Can't believe I got through for this one.


----------



## stickyfingers (Jan 7, 2004)

Basically "we put the port on so that you'd buy it - but you didn't actually expect us to make it functional did you?"

Wonder what the over/under is on when the much beloved firewire will be active on the 921..? 

Brian


----------



## Jacob S (Apr 14, 2002)

Alright!!! Name Based Recording!!! This is something that people have wanted the most on the DVR's, or did we misunderstand what they said and they mean that you can rename your recording instead of recording it based on the name of the show?


----------



## IanF (Jan 13, 2004)

> Basically "we put the port on so that you'd buy it - but you didn't actually expect us to make it functional did you?"

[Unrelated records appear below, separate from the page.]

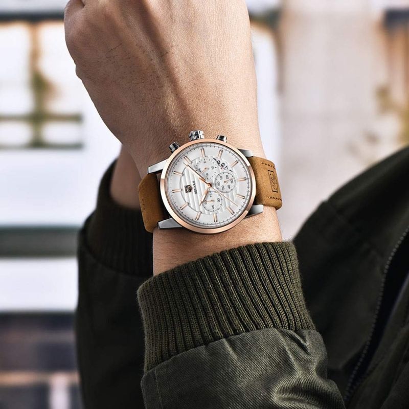 QUALITY LEATHER BAND: Scratch Proof Mineral Glass, Genuine Leather band bring comfortable and gentleman wearing experience.; PRECISE TIME KEEPING: Quartz Movement, provide precise and accurate time keeping.
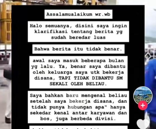 “Assalamualaikum wr wb. Halo semuanya, disini saya ingin klatifikasi trntang berita yang sudah beredar luas, bahwa berita itu tidak benar. Awal saya masuk (kerja) beberapa bulan lalu, ya benar saya dibantu oleh keluarga saya untuk bekerja disana, tapi tidak dibantu sama sekali oleh beliau. Saya bakan baru mengenal beliau setelah saya bekerja disana, dan tidak punya hubungan apa-apa hanya sekedar kenal karyawan dan bos, juga berbeda divisi. Bakan tidak ada bukti apa apa yang menunjukkan saya memiliki hubungan spesial dengan beliau. Dan kasus ini juga sedang ditangani oleh pihak keluarga saya karena termasuk pencemaran nama baik. Saya memohon maaf untuk semua pihak yang dirugikan, terima kasih” kata MA dalam postingannya, usai video viral menyebut dirinya kekasih dari Asmen Bagian Pemeliharaan PLN Indonesia Power, Alen Suryotomo.
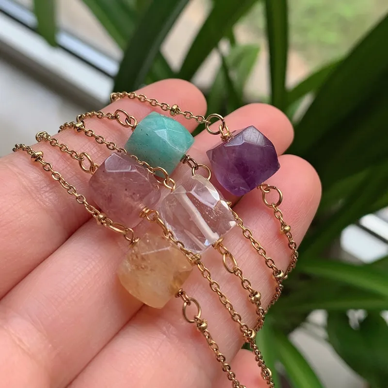 Healing Jewelry Natural Crystal Necklace Stainless Steel Choker Multifaceted Quartz Citrines Amazonite Amethysts Crystal Collier
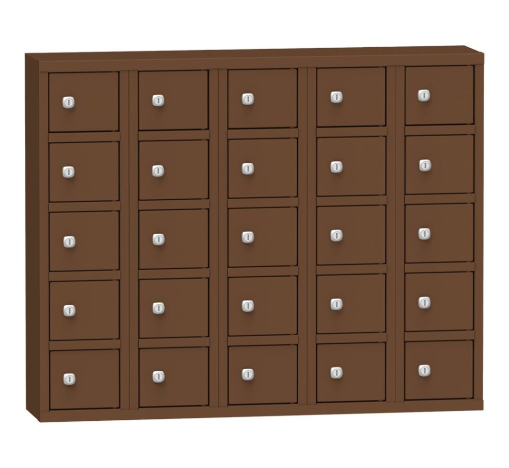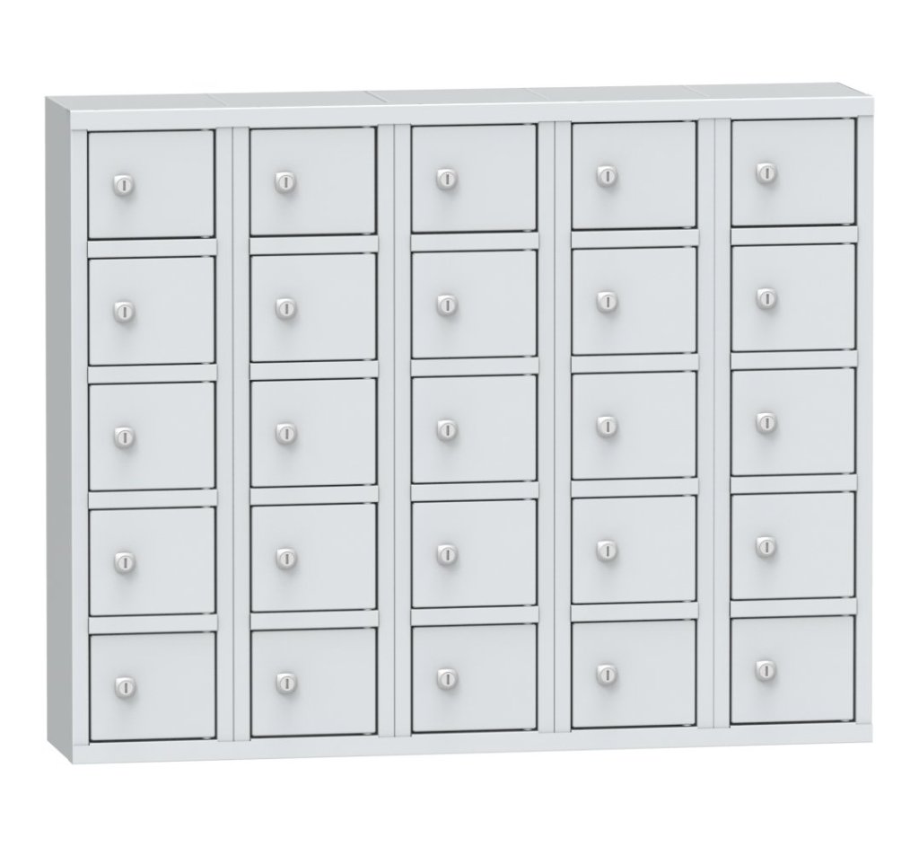 Szafka metalowa ze schowkami przeznaczona jest do przechowywania rzeczy osobistych oraz przedmiotów wartościowych o mniejszych gabarytach. Wymiary wys. 780 x szer. 780 x gł. 200 mm, 20 schowków.
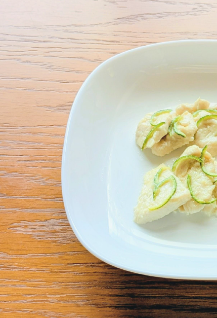 ③:耐熱容器に、①のすだちの皮と果汁・②の鶏むね肉・調味料の材料を全て入れて、揉みこむ。
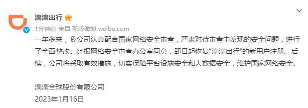 滴滴出行官微发文称,一年多来,公司认真配合国家网络安全审查,严肃对待审查中发现的安全问题,进行了全面整改。经报网络安全审查办公室同意,即日起恢复“滴滴出行”的新用户注册。后续,公司将采取有效措施,切实保障平台设施安全和大数据安全,维护国家网络安全。(证券时报)
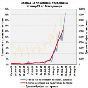 Од друга страна, стапката на позитивни тестови достигна рекордни вредности во овој бран.
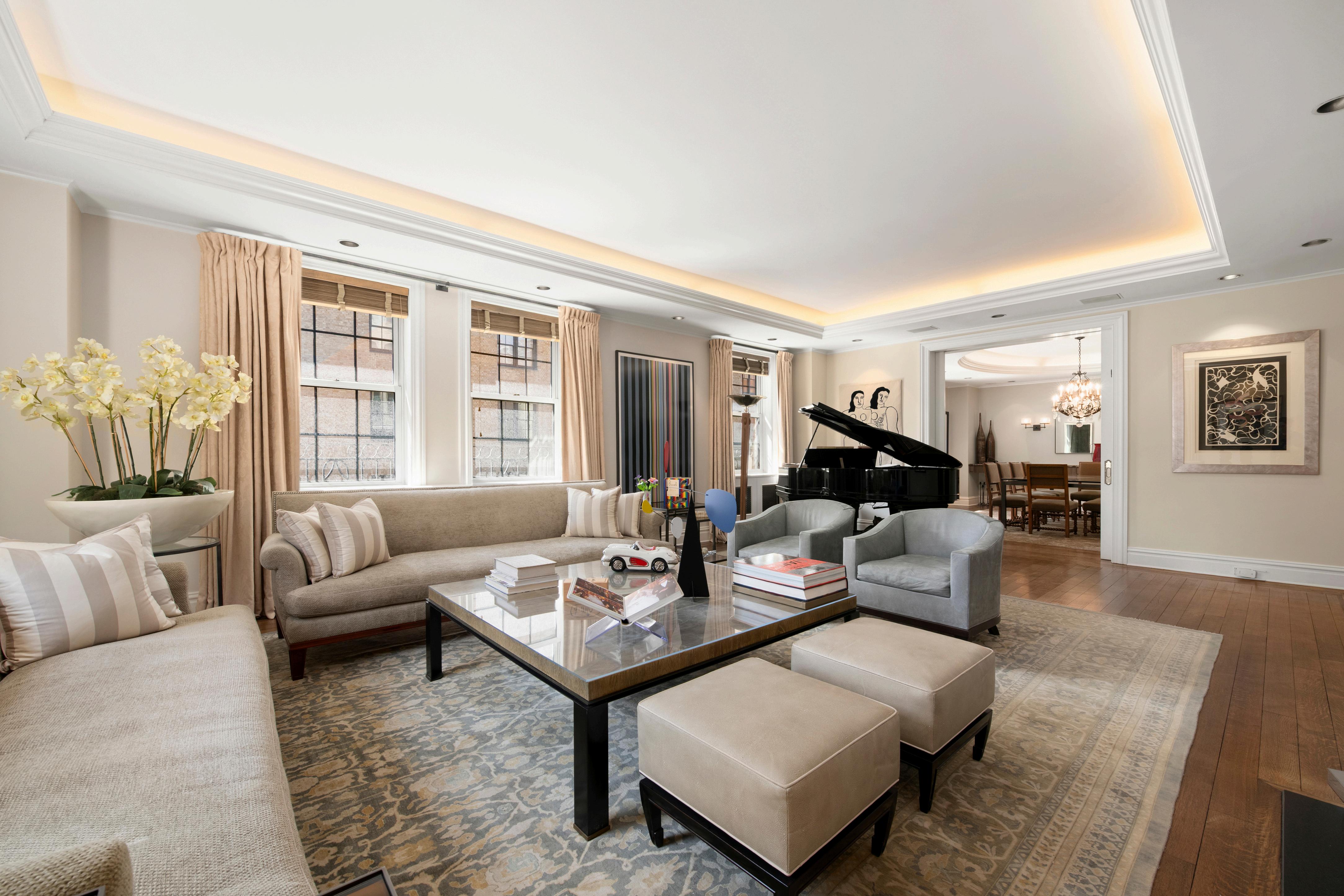 Nestled at 860 Park Avenue, this spacious prewar co-op on the Upper East Side harmoniously marries contemporary elegance with traditional charm. Encompassing 4,400 square feet, this resplendent abode features 12 rooms, including 5 bedrooms and 5.5 bathrooms. A private elevator foyer ushers you into a marble gallery, leading to a luminous 28-foot living room adorned with dual exposures and a cozy woodburning fireplace, while the formal dining room beckons for grand gatherings. The chef's kitchen, a culinary haven, boasts high-end appliances and a delightful breakfast room.
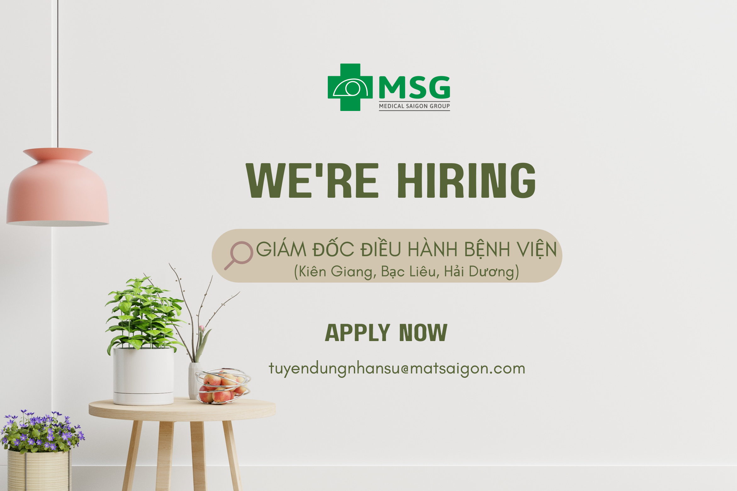 - Tốt nghiệp Đại học các chuyên ngành về Quản trị Kinh doanh hoặc Quản trị bệnh viện hoặc Bác sĩ CK1 trở lên

There are times when DISH reminds me of a girl I tried to date in high school. Come to think of it, she never showed up for an "811 install date" either...


----------



## Mark Lamutt (Mar 24, 2002)

Congrats on getting through Allen, and sorry I misspelled your name in the summary. When I was typing it up, I was wondering if that was you.


----------



## lionsrule (Nov 25, 2003)

I think it's PATHETIC when paid "professionals" don't know what they are talking about. When doing th recap on what channels dish provides in 5.1 dolby that state that espn broadcasts that way.......they DO NOT!!

Why can't the tech guys even get that right.


----------



## John Corn (Mar 21, 2002)

Thanks for the recap Mark......:righton:


----------



## wdingus (Feb 10, 2004)

I'm pretty sure he meant being able to record "by name" instead of just time slot. More like TIVO it sounds like...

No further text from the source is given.